Records for this exercise:
────────────────────
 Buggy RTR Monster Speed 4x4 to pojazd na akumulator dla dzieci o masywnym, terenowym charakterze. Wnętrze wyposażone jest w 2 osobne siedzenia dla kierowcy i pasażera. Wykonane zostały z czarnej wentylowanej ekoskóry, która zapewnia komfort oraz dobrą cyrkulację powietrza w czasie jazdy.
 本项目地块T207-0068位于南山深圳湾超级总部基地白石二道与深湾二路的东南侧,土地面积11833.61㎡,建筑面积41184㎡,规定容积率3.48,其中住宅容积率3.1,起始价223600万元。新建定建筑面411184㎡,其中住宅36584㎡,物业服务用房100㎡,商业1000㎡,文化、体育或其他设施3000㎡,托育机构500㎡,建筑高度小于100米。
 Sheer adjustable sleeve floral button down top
────────────────────
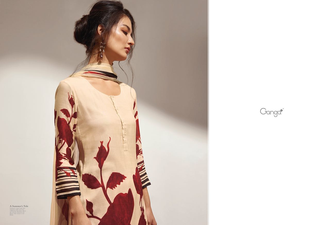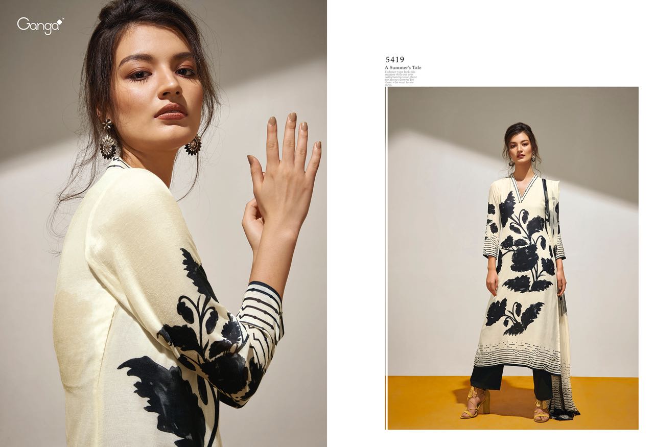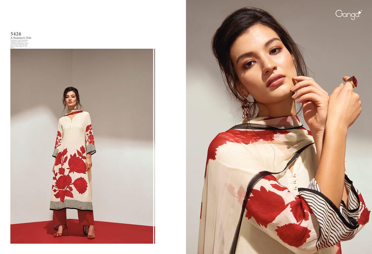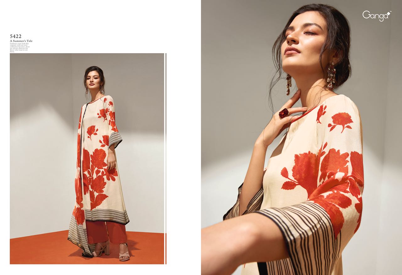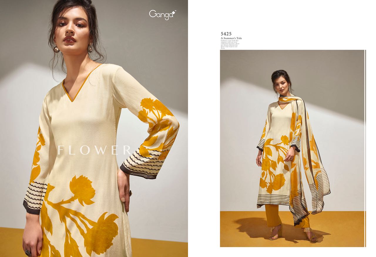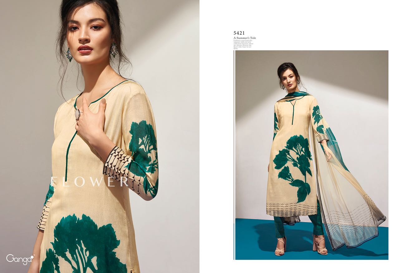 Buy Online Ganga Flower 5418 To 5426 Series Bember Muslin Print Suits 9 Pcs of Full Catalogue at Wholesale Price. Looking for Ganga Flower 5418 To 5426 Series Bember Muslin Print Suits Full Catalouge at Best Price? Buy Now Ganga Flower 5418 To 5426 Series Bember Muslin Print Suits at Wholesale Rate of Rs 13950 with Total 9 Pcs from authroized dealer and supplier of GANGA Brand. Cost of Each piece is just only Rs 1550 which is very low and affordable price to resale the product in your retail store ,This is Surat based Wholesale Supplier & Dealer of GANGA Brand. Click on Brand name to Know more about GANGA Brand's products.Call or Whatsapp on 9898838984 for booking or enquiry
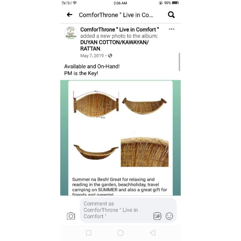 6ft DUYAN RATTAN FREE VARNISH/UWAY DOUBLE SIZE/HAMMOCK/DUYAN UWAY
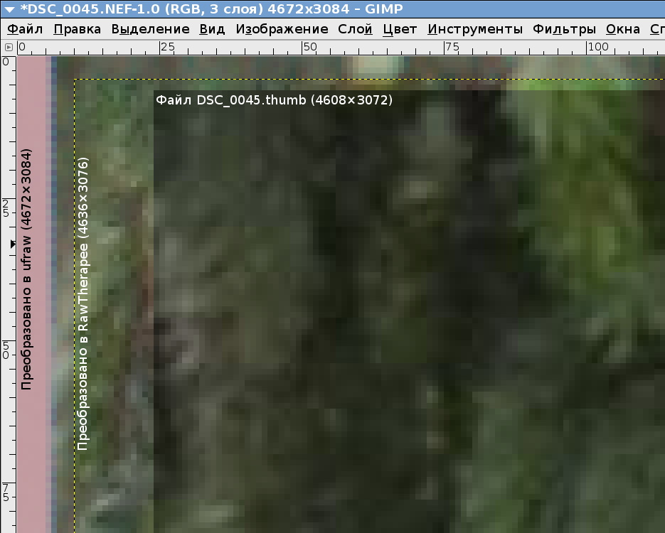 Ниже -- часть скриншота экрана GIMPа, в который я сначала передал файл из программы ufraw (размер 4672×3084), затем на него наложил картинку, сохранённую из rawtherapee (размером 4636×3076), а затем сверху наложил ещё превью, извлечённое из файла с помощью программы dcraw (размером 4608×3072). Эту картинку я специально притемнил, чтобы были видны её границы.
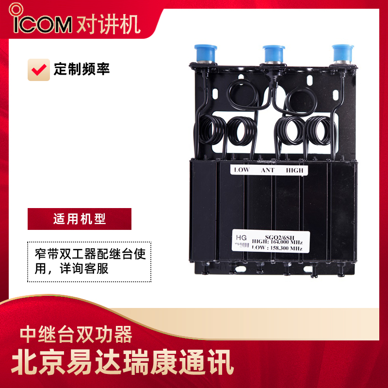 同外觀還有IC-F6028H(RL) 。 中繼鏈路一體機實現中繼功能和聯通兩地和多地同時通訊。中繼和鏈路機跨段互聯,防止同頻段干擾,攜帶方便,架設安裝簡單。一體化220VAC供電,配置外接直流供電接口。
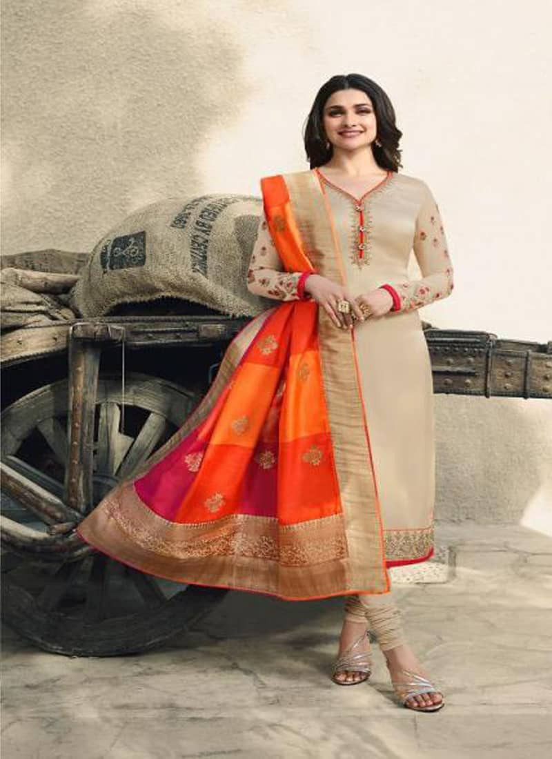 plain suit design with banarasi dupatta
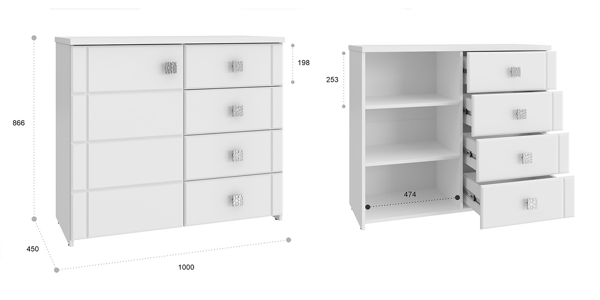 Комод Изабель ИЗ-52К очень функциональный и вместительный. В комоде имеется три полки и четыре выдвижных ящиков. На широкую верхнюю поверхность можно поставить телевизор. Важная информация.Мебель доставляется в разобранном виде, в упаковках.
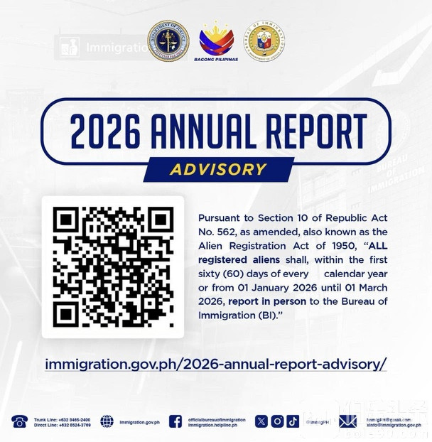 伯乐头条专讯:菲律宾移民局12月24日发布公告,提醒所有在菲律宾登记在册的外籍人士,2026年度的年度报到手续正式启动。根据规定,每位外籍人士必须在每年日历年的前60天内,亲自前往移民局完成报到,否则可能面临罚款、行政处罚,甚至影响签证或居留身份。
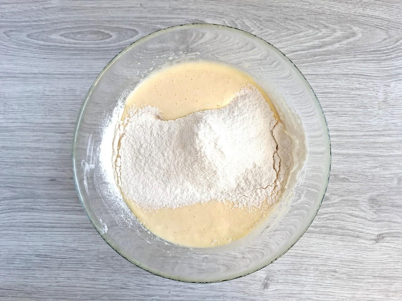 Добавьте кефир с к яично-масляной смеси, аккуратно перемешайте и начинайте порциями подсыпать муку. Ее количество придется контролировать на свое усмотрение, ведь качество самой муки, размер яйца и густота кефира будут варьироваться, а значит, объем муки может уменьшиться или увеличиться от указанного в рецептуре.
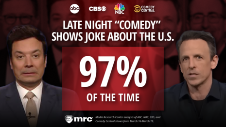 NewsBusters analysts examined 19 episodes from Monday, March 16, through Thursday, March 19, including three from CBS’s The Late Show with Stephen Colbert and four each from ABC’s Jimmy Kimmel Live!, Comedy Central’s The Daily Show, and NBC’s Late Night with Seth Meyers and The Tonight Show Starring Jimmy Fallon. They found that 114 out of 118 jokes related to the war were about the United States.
────────────────────
Task requirements:
Among the entries above, locate the line with "6ft DUYAN RATTAN" and the line with "NewsBusters analysts examined". Give those two lines and all lines between them again, exactly, leaving out the pictures.

Solution:
 6ft DUYAN RATTAN FREE VARNISH/UWAY DOUBLE SIZE/HAMMOCK/DUYAN UWAY
 Ниже -- часть скриншота экрана GIMPа, в который я сначала передал файл из программы ufraw (размер 4672×3084), затем на него наложил картинку, сохранённую из rawtherapee (размером 4636×3076), а затем сверху наложил ещё превью, извлечённое из файла с помощью программы dcraw (размером 4608×3072). Эту картинку я специально притемнил, чтобы были видны её границы.
 同外觀還有IC-F6028H(RL) 。 中繼鏈路一體機實現中繼功能和聯通兩地和多地同時通訊。中繼和鏈路機跨段互聯,防止同頻段干擾,攜帶方便,架設安裝簡單。一體化220VAC供電,配置外接直流供電接口。
 plain suit design with banarasi dupatta
 Комод Изабель ИЗ-52К очень функциональный и вместительный. В комоде имеется три полки и четыре выдвижных ящиков. На широкую верхнюю поверхность можно поставить телевизор. Важная информация.Мебель доставляется в разобранном виде, в упаковках.
 伯乐头条专讯:菲律宾移民局12月24日发布公告,提醒所有在菲律宾登记在册的外籍人士,2026年度的年度报到手续正式启动。根据规定,每位外籍人士必须在每年日历年的前60天内,亲自前往移民局完成报到,否则可能面临罚款、行政处罚,甚至影响签证或居留身份。
 Добавьте кефир с к яично-масляной смеси, аккуратно перемешайте и начинайте порциями подсыпать муку. Ее количество придется контролировать на свое усмотрение, ведь качество самой муки, размер яйца и густота кефира будут варьироваться, а значит, объем муки может уменьшиться или увеличиться от указанного в рецептуре.
 NewsBusters analysts examined 19 episodes from Monday, March 16, through Thursday, March 19, including three from CBS’s The Late Show with Stephen Colbert and four each from ABC’s Jimmy Kimmel Live!, Comedy Central’s The Daily Show, and NBC’s Late Night with Seth Meyers and The Tonight Show Starring Jimmy Fallon. They found that 114 out of 118 jokes related to the war were about the United States.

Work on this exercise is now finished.